How it started
One day I have tried to use my plex instance and it was unreachable. I started digging into it.
There were couple of containers that wouldn’t start and also inspection using k9s CLI was taking ages.
Started digging
I have started looking into logs, I saw couple of issues related to SQL - like slow queries.
Then I remembered that K3S is using SQLite as default database, which may not be ideal, for long living clusters.
I have checked out the size of it, and oh my, it WAS HUGE!
root@raspberrypi:/var/lib/rancher/k3s/server/db# du -hs state.db
25G state.db
The solution
I have been googling around a bit and found out, that you can pretty easily migrate from SQLite to embedded etcd.

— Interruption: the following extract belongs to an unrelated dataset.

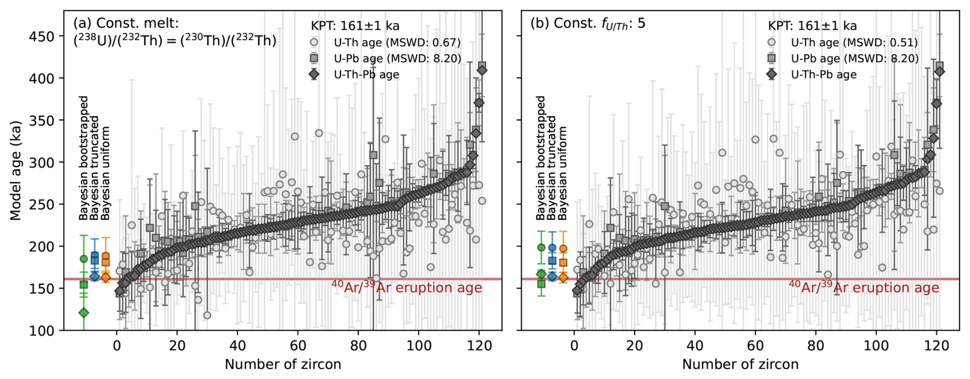 As zircon crystals from single volcanic eruptions typically exhibit dispersed U-Th or U-Pb dates (over kyr), protracted crystallization in the underlying magmatic system is dated and not the eruption itself. To directly date the eruption, alternative chronometers such as zircon (U-Th) He thermochronology, 40Ar 39Ar dating or radiocarbon dating can be employed. (1) Zircon (U-Th) He thermochronology records the time of cooling below the closure temperature of He of ∼ 200 °C (Reiners et al., 2002), which often corresponds closely to the eruption age (e.g., Friedrichs et al., 2020). This dating technique comes however with many challenges, including the need for corrections related to initial 230Th-238U disequilibrium, alpha-ejection effects, pre-eruptive residence time, and accounting for internal age and compositional heterogeneity (Friedrichs et al., 2020). (2) 40Ar 39Ar dating is widely used on potassium-rich minerals or volcanic glass (e.g., Smith et al., 1996; Groen and Storey, 2022; Castellanos Melendez et al., 2023). This technique typically records the time when argon becomes trapped within the mineral or glass, which is commonly assumed to coincide with eruption (Kelley, 2002a). However, the presence of excess or inherited argon, as well as post-eruption alteration, can bias the resulting ages, complicating their interpretation (Kelley, 2002b; Ellis et al., 2017). (3) Radiocarbon dating of organic material buried or killed by volcanic deposits provides another means of constraining the timing of eruption (e.g., Friedrich et al., 2006; Danišík et al., 2020). Its applicability is limited to ages younger than ∼ 55 ka (Hajdas et al., 2021), and it requires the presence of suitable organic horizons directly beneath volcanic deposits, conditions that may be difficult to meet when attempting extensive and comparable dating across a volcanic system. Alternatively, we can infer the eruption age from the latest zircon crystallization, if we assume that zircon crystallized until the eruption took place (Keller et al., 2018; Nathwani et al., 2025). Protracted zircon crystallization, often reflected in a broad spread of non-overlapping dates within a single sample (Bachmann et al., 2007b; Schaltegger et al., 2015; Klein and Eddy, 2024), renders weighted mean and isochron ages derived from all analyses unreliable for eruption age estimation. In contrast, the youngest zircon age generally lacks statistical robustness (Keller et al., 2018). Consequently, alternative methods have been applied to estimate the eruption timing, including a weighted mean of a subset of zircon ages (e.g., Schoene et al., 2015; Locher et al., 2025) and likelihood-based Bayesian methods (e.g., Baudry et al., 2024; Cisneros de León et al., 2025). Keller et al. (2018) pioneered the application of Bayesian statistics for eruption age estimation from a distribution of zircon U-Pb ages. They found that this method produces superior accuracy and estimates of uncertainty relative to the weighted mean or youngest zircon methods. However, their study focused on ID-TIMS U-Pb data using synthetic datasets in which all ages were assigned the same uncertainty, a scenario more applicable to U-Pb than to U-Th datasets. In U-Th disequilibrium dating, uncertainties increase for older ages due to the exponential convergence toward secular equilibrium, making the zircon-melt isochron age increasingly sensitive to analytical uncertainties in the activity ratios (Schmitt, 2011). Despite the growing number of studies using U-Th zircon data, a range of eruption age estimation methods are currently employed without a systematic evaluation of which method yields the most reliable results.

The migration is done by adding --init-cluster argument to k3s and then restarting it.
How I did it?
systemctl stop k3s
vim /etc/systemd/system/k3s.service
I have added the --init-cluster argument to the ExecStart line, which resulted into something like this:
ExecStart=/usr/local/bin/k3s \
server \
'--disable=servicelb' \
'--disable=traefik' \
'--cluster-init' \
'--etcd-expose-metrics' \
...
Then I have restarted the server and the service:
sudo reboot
sudo systemctl start k3s
The start few seconds, if I compare it before, when debugging when I tried restarting the k3s instance, it was eating 4CPU cores and didnt boot to usable state after 10+ minutes. But after that the migration completed, k3s started running and all the containers were up and running.
This is the end :)